Train a new model from scratch
usage: radon-defect-predictor train [-h] [--balancers BALANCERS] [--normalizers NORMALIZERS] path_to_csv classifiers
positional arguments:
path_to_csv the path to the csv file containing the data for training
classifiers a list of classifiers to train. Possible choices [dt, logit, nb, rf, svm]
optional arguments:
-h, --help show this help message and exit
--balancers BALANCERS
a list of balancer to balance training data. Possible choices [none, rus, ros]
--normalizers NORMALIZERS
a list of normalizers to normalize data. Possible choices [none, minmax, std]
Output
This command will generate a radondp_model.joblib
file in the user working directory.
The file contains information about the best estimator, subset of features selected by the training, and the results
of cross-validation.
Note: The radondp_model.joblib will override the existing one in the user working directory, if any.
path_to_csv
radon-defect-predictor train --path-to-csv path/to/repository-data.csv
The path to the training data (a .csv file). You can generate training data for IaC defect-prediction through radon-miner. An example observation is the following:
filepath | commit | committed_at | failure_prone | metric_1 | ... | metric_n |
---|---|---|---|---|---|---|
roles/tasks/main.yml | 25c04... | 1526444640 | 1 | value_1 | ... | value_n |
filepath: string
is the path to the file from the repository root;commit: string
is the commit sha the file belongs to. In per-release based defect-prediction, it is the commit sha of a release, and it is used to group observations of the same release;committed_at: string
is the commit datetime. In release-based defect-prediction, it is the release date. In just-in-time defect-prediction is the commit date. It is used to sort releases/commits for walk-forward validation;failure_prone: integer
1 if the observation is failure-prone; 0 otherwise;metric_i: float
a metric.
Warning
Missing one of the following columns will raise an error: filepath
, commit
, committed_at
, failure_prone
.
classifiers
radon-defect-predictor train --classifiers="dt logit nb rf svm"
-
dt
- Train a model using a sklearn.tree.DecisionTreeClassifier classifier; -
logit
- Train a model using a sklearn.linear_model.LogisticRegression classifier; -
nb
- Train a model using a sklearn.naive_bayes.GaussianNB classifier; -
rf
- Train a model using a sklearn.ensemble.RandomForestClassifier classifier; -
svm
- Train a model using a sklearn.tree.DecisionTreeClassifier classifier.
--balancers
radon-defect-predictor train --balancers="none rus ros"
-
none
- Do not balance training data; -
rus
- Do balance training data using Random Under-Sampling; -
ros
- Do balance training data using Random Over-Sampling.

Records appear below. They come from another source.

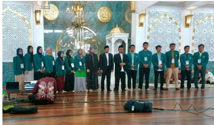
Picture 1. Group photo with the Rector of Ibn Khaldun University of Bogor and the head of LPPM at the graduation ceremony

KKN students of Ibn Khaldun University of Bogor serving at Singhanakhon Wittayanusorn School, Thailand, Songkhla were released at Al-Hijri Mosque 2, Ibn Khaldun University of Bogor.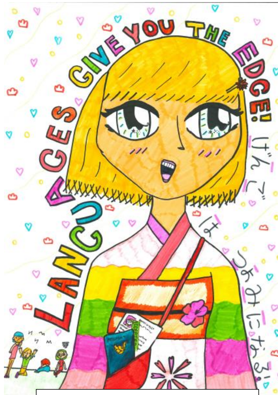
Category B: Dahlia Violet DUIGAN, Year 5, Japanese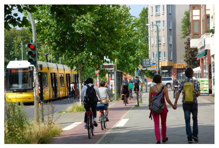
Figure 11 - Many stakeholders mentioned the need to enhance the pedestrian experience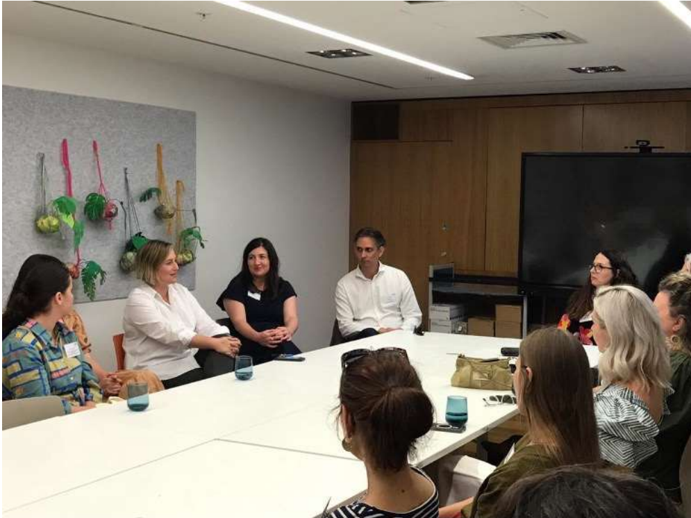
Figure 7 Gallery directors at the PGQ Directors Forum, MoB, Dec 2023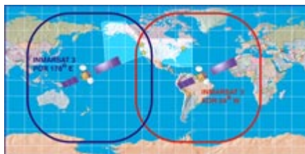
Coverage prior to AOR-W move

Upon completion of this move, sometime in April or early May 2006, WAAS will temporarily be unavailable in the extreme Northeast U.S. No impact is expected for the remainder of the U.S. Service will be fully restored in the fall of 2006 when the FAA's new WAAS geostationary satellite (PanAmSat) is fully operational.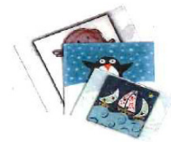
CHOPPING BOARDS From - £15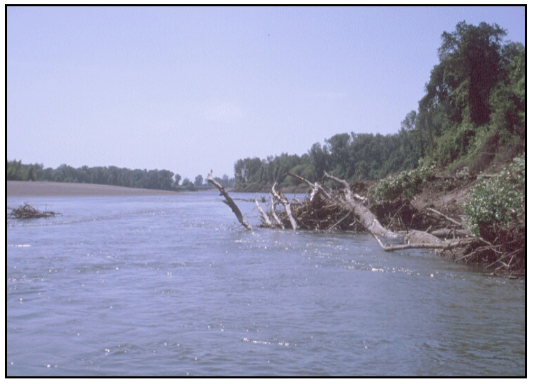
Sacramento River Bank Area

We are requesting that people interested in receiving a draft copy of the CCP/EA fill out and send in the enclosed postcard. Copies of the document can be reviewed at your local library or reviewed at our web site (see above).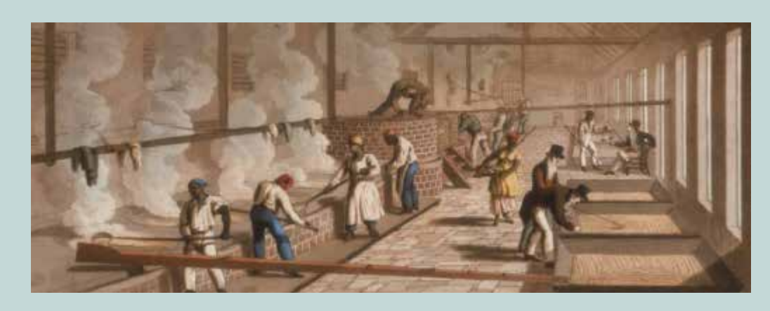
A period drawing showing the process of boiling, skimming, and cooling of sugar in a factory (St. Croix Landmarks Society).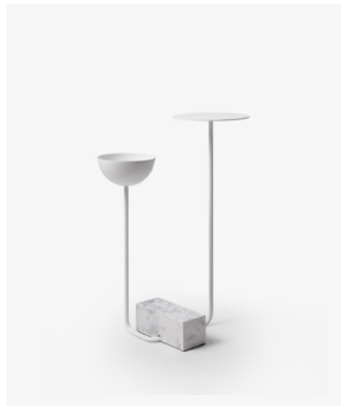
AD03.01 ADOBE TABLE #3 – WHITE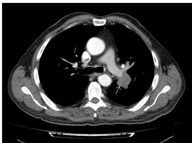
Figure 2. Lymph node in the hilar area 30*24mm (marked with a white arrow)

chronic disease, other than hypertension, and he was a smoker.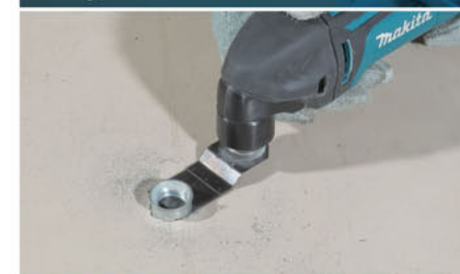
Metal flush cutting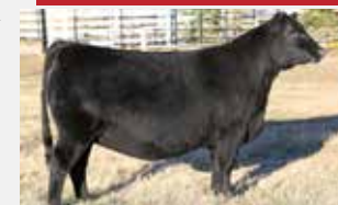
MATERNAL SISTER - ANCHORAGE ELLEN 0004

SCHIEFELBEIN ATTRACTIVE 4565 PEAK DOT OZARK 278G PEAK DOT HEROINE 330B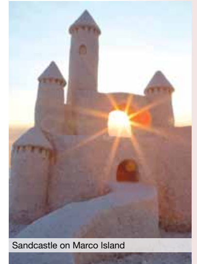
Sandcastle on Marco Island

Spa-themed breaks are a popular component of today's meeting agendas. Consider the first Golden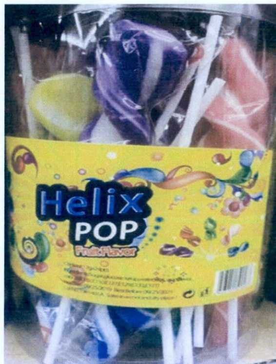
Figure 1. Unregistered HELIX Pop Fruit Flavor

The Food and Drug Administration (FDA) warns all healthcare professionals and the general public NOT TO PURCHASE AND CONSUME the following unregistered food products and food supplements: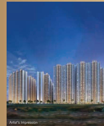
DOSTI GREATER THANE KALHER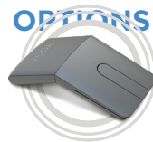
Lenovo Yoga Mouse with Laser Presenter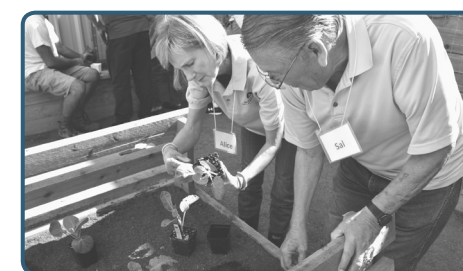
Mike's Place clients and volunteers will tend the vegetables in our new Senior Sunshine Garden. Our kitchen staff will then turn the veggies into healthy meals for Mike's Place participants.

Thanks to a generous donation from the St. David's Foundation's Health's Angels, we were able to create the Senior Sunshine garden which will be tended by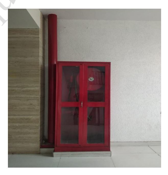
FIRE SAFETY NETWORK

2. FIRE SAFETY NETWORK : There are FIRE SAFETY NETWORKS in the premises of Platinum plaza, (Which is provided by M.P Housing Board), Where Unique IAS is situated.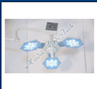
LED Surgical Light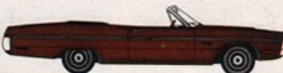
Fury III (convertible, 2-door formal hardtop and 4-door hardtop—V-8; 4-door sedan and 2-door hardtop—V-8 or Six)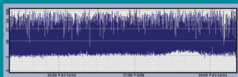
Trace appears normal without CFMsight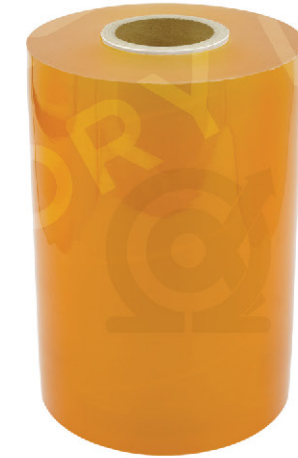
Jumbo Roll 30 cm / 45 cm

Not providing any options is the same as passing the option none
.
However, this option can be passed along the others to train the model by either balancing and not balancing the training set.
--normalizers
radon-defect-predictor train --normalizers="none minmax std"
-
none
- Do not normalize training data; -
minmax
- Transform features by scaling each feature to the range [0,1]. It uses the sklearn.preprocessing.MinMaxScaler; -
std
- Standardize features by removing the mean and scaling to unit variance. It uses the sklearn.preprocessing.StandardScaler.
Not providing any options is the same as passing the option none
.
However, this option can be passed along the others to train the model by either normalizing and not normalizing the training set.
Example
Assuming we are training a new model for the ansible-community/molecule project, download the following training set molecule.csv generated using radon-miner. This is the "ground truth" to train a model for that project.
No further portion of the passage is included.